At the crossroads of strategic autonomy, open source, supply chain security, and day-to-day high-attack-surface component, we only find one element: the browser.


At the crossroads of strategic autonomy, open source, supply chain security, and day-to-day high-attack-surface component, we only find one element: the browser. Firefox’ browser engine, Gecko, is to date the only cross-platform not based on Blink which is controlled by Google. To be able to sustain our long term goals for the community and our mission, we think it is time to build a branch of Mozilla that enables the ecosystem to leverage a product built specifically with enterprise deployment in mind. We aim at building a new product that ensures a new funding source for the engine, while addressing the challenges required by enterprises and governments: supply chain security, resiliency, support, all this with increased security features that can only be deployed with an infrastructure backend. To that effect, we are building strategic partnerships that are helping us learn how to operate this new version of Firefox both on-prem and in SecNumCloud certified clouds in order for users to have increased control over their data and the associated services typically needed by a modern browser. .

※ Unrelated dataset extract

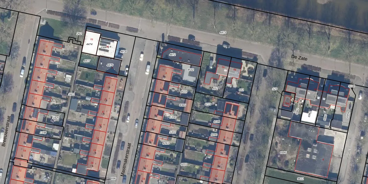 Gebruik de zoekbalk of klik op een perceel om informatie over het perceel te bekijken.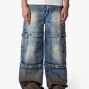 the Void Baggy Ring Denim is a bold addition to our collection. Featuring our latest Void fit with extra room in the waist, hip, and leg opening, along with an extended inseam from our Rave Fit. Constructed from a medium washed blue cotton denim with rust stains throughout, embracing traditional 5 pocket denim details, metal eyelet details on the legs, oversized cargo pockets at the outseam, and finished with a poly coating throughout for a sheen on the fabric.

In this talk, we propose to start with a quick state of affairs for the architecture and services behind a modern browser, explore the landscape of the enterprise-focused browser ecosystem, and describe how Mozilla is building something strong for the users, that can benefit their security and increase their sovereignty. Finally, we provide some feedback on the challenges we face, going from customers needs, raising security, improving supply chain control, the legal compliance and infrastructure deployment, and how that works in the open.

I am a Senior Software Engineer at Mozilla, I worked on projects like DeepSpeech, an open-source speech recognition engine, and have contributed to Firefox OS and Common Voice. My PhD thesis in computer science focused on formal methods for ensuring software properties within Linux distributions. Passionate about technological innovation and user freedom, I am committed to projects that make technology more accessible.